▶ [Task directions]:
When you copy from the entries that follow, take only the lines from the one with "An analysis published" down to the one with "9. Gómez V., Casanovas", keeping both ends and dropping every picture.

▶ [Extracted data]:
•••••
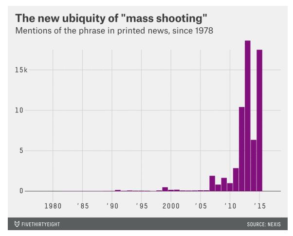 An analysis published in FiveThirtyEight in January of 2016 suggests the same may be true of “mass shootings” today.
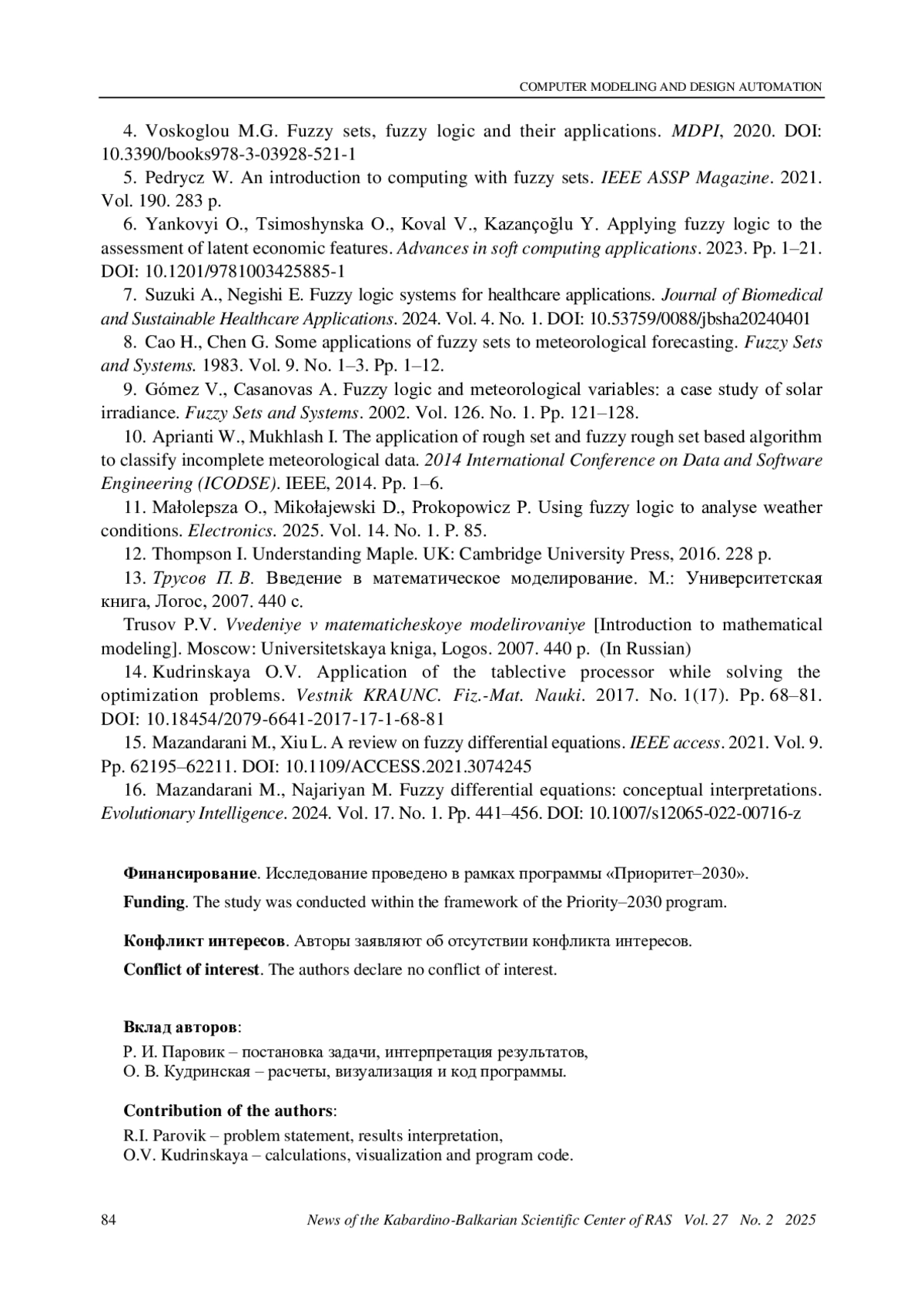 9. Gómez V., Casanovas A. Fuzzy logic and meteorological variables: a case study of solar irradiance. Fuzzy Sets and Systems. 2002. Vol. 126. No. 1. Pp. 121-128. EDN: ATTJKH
•••••
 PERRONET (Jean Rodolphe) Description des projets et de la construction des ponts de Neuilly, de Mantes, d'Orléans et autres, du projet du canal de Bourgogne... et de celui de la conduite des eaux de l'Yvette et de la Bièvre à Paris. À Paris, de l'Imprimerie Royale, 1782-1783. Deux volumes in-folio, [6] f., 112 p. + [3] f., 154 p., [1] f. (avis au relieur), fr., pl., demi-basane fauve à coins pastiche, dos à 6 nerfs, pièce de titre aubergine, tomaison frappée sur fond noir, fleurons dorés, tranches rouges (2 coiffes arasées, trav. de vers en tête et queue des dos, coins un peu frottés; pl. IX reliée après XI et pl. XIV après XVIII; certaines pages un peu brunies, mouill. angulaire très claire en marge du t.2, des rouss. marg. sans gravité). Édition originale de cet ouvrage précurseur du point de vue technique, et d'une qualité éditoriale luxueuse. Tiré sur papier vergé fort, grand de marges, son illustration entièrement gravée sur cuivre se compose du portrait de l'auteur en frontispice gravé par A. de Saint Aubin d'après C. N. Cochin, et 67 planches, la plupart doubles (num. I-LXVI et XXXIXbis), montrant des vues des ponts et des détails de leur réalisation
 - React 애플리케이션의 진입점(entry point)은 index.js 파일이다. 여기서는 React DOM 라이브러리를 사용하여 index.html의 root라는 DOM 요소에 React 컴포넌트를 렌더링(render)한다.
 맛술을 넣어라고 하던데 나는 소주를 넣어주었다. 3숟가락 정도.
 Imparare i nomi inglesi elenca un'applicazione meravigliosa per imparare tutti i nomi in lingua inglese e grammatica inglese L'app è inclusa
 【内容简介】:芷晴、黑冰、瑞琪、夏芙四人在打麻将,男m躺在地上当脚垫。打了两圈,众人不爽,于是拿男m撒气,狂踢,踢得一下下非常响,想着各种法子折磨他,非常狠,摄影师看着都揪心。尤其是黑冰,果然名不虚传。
•••••
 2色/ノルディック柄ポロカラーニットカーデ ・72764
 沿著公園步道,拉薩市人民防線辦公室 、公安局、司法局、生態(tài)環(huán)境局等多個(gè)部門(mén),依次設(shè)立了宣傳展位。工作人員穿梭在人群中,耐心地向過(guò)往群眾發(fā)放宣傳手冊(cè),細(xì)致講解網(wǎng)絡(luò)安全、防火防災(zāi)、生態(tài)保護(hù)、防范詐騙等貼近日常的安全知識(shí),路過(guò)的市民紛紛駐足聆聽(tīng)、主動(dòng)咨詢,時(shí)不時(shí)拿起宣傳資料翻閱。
•••••
▶ [Response for this exercise]:
 An analysis published in FiveThirtyEight in January of 2016 suggests the same may be true of “mass shootings” today.
 9. Gómez V., Casanovas A. Fuzzy logic and meteorological variables: a case study of solar irradiance. Fuzzy Sets and Systems. 2002. Vol. 126. No. 1. Pp. 121-128. EDN: ATTJKH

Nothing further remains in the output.